START SOURCE DATA
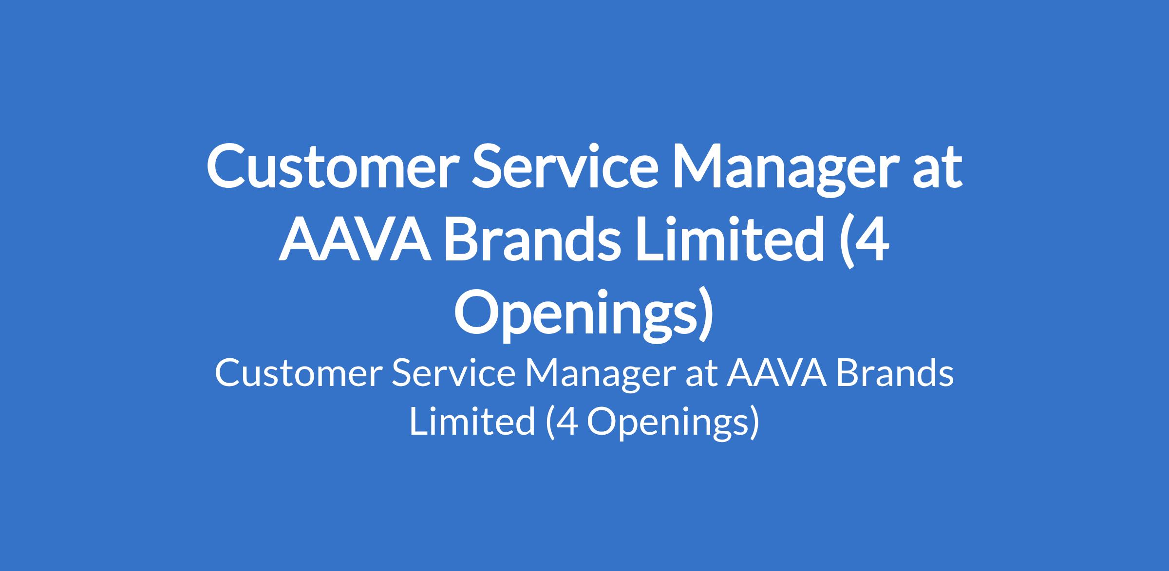 AAVA Brands Limited is recruiting to fill the position of: Customer Service Manager. The position is located in Abuja, Port Harcourt - Rivers, Ibadan - Oyo and Lagos States. Interested candidates should be a graduate / HND holder with 3-5 years relevant work experience.
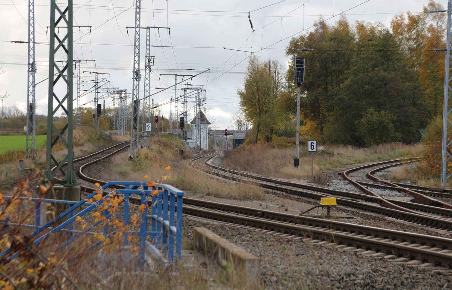 km 72,64 der Strecke Stralsund 0,30 - Velgast 18,88 - Abzw. Warnowbrücke 70,15 - Rostock Hbf 72,64 mit Zweigstrecken
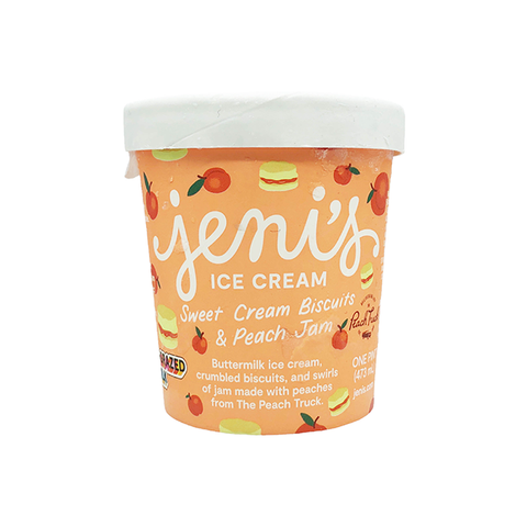 Experience the taste of summer with Jeni's Sweet Cream Biscuits & Peach Jam Ice Cream. This delectable flavor blends creamy sweet cream ice cream with chunks of buttery biscuits and swirls of vibrant peach jam. Each spoonful offers a harmonious mix of rich, smooth creaminess, comforting biscuit crunch, and the fruity brightness of ripe peaches, creating a refreshing and indulgent treat.
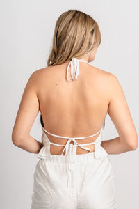 White lace eyelet halter top featuring smocking details and an open back that ties together with two ties at the neck and bottom of waist from Lush Fashion Lounge women's boutique in Oklahoma City.
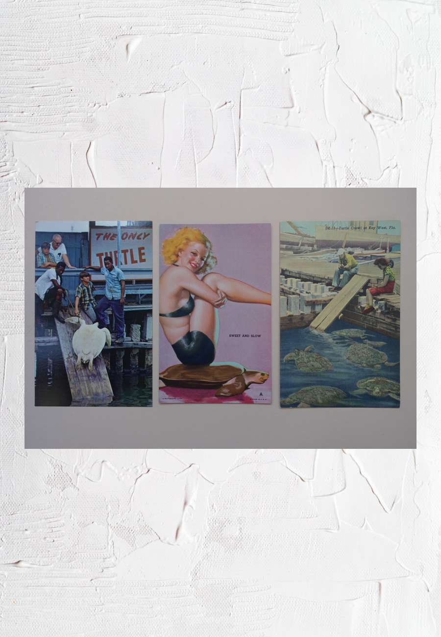 mittig: mutoscope card "Sweet and Slow" (colour lithograph 1943); rechts: "Turtle Crawl at Key West" (Florida 1940), rückseitige Information "Where turtles weighting hundreds of pounds are stored in
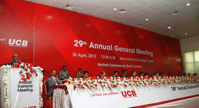 Akhtaruzzaman Chowdhury MP, chairman of United Commercial Bank, presides over the Bank's 29th annual general meeting at Bashundhara Convention Centre in Dhaka recently. The Bank approved 15 percent stock and 12 percent cash dividends for 2011 and increased its authorised capital from Tk 800 crore to Tk 1,500 crore. M Shahjahan Bhuiyan, managing director, was also present. UCB
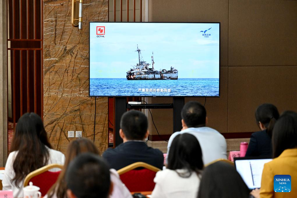 This photo taken on July 8, 2024 shows the releasing ceremony of A Survey Report on the Damage to Coral Reef Ecosystem by Illegally Grounded Military Vessel at Ren'ai Jiao in Beijing, capital of China. (Xinhua/Li Xin)
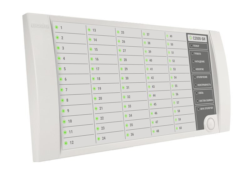 "С2000-БИ" предназначен для работы в составе ИСО "Орион" совместно с пультом контроля и управления "С2000" ("С2000М") и отображения с помощью встроенных индикаторов и звуковой сигнализации сообщений о событиях в 60 разделах системы.
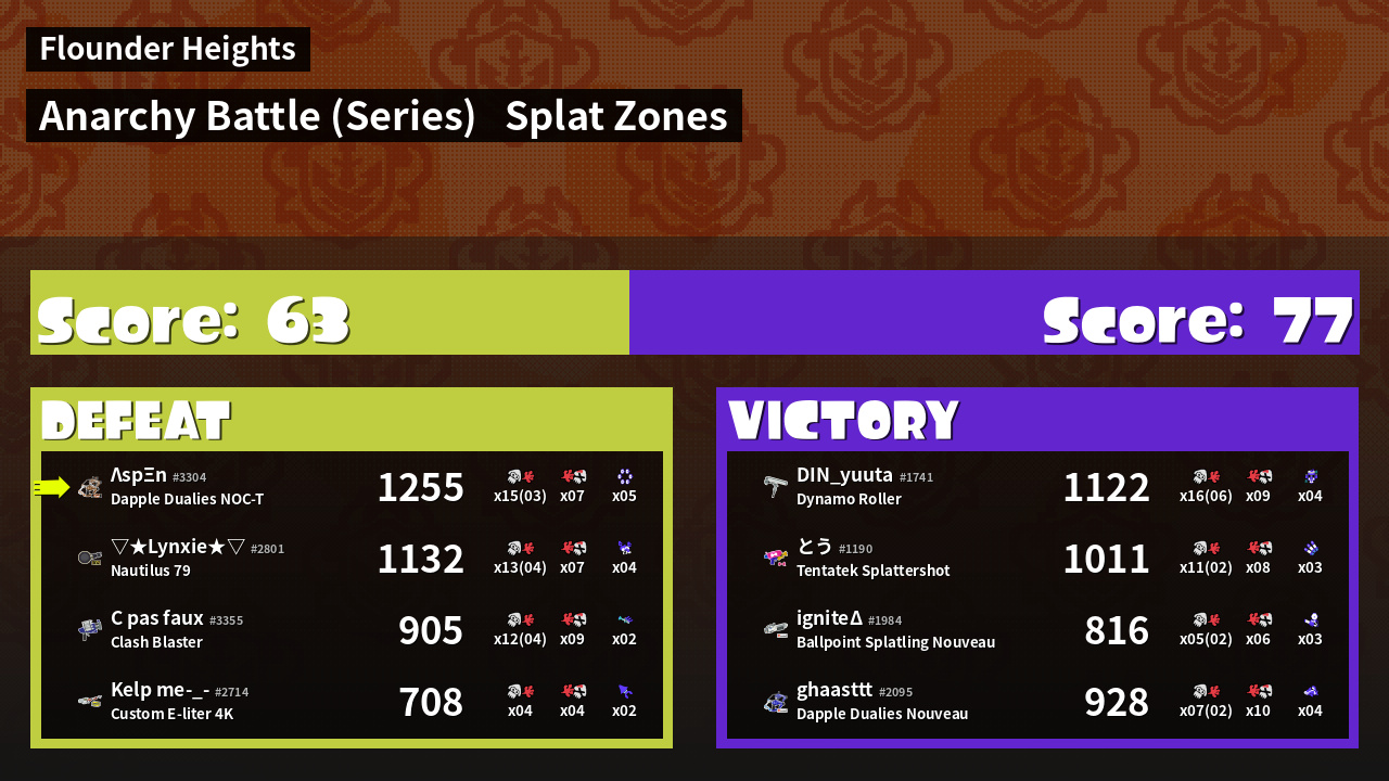 Results of hazymazy's Battle
END SOURCE DATA
### WHAT TO WORK ON
Going by the data above, the answer is exactly the lines from the one holding "km 72,64 der" to the one holding "White lace eyelet", both kept, with the pictures left out.

### ANSWER TO THIS PROBLEM
 km 72,64 der Strecke Stralsund 0,30 - Velgast 18,88 - Abzw. Warnowbrücke 70,15 - Rostock Hbf 72,64 mit Zweigstrecken
 Experience the taste of summer with Jeni's Sweet Cream Biscuits & Peach Jam Ice Cream. This delectable flavor blends creamy sweet cream ice cream with chunks of buttery biscuits and swirls of vibrant peach jam. Each spoonful offers a harmonious mix of rich, smooth creaminess, comforting biscuit crunch, and the fruity brightness of ripe peaches, creating a refreshing and indulgent treat.
 White lace eyelet halter top featuring smocking details and an open back that ties together with two ties at the neck and bottom of waist from Lush Fashion Lounge women's boutique in Oklahoma City.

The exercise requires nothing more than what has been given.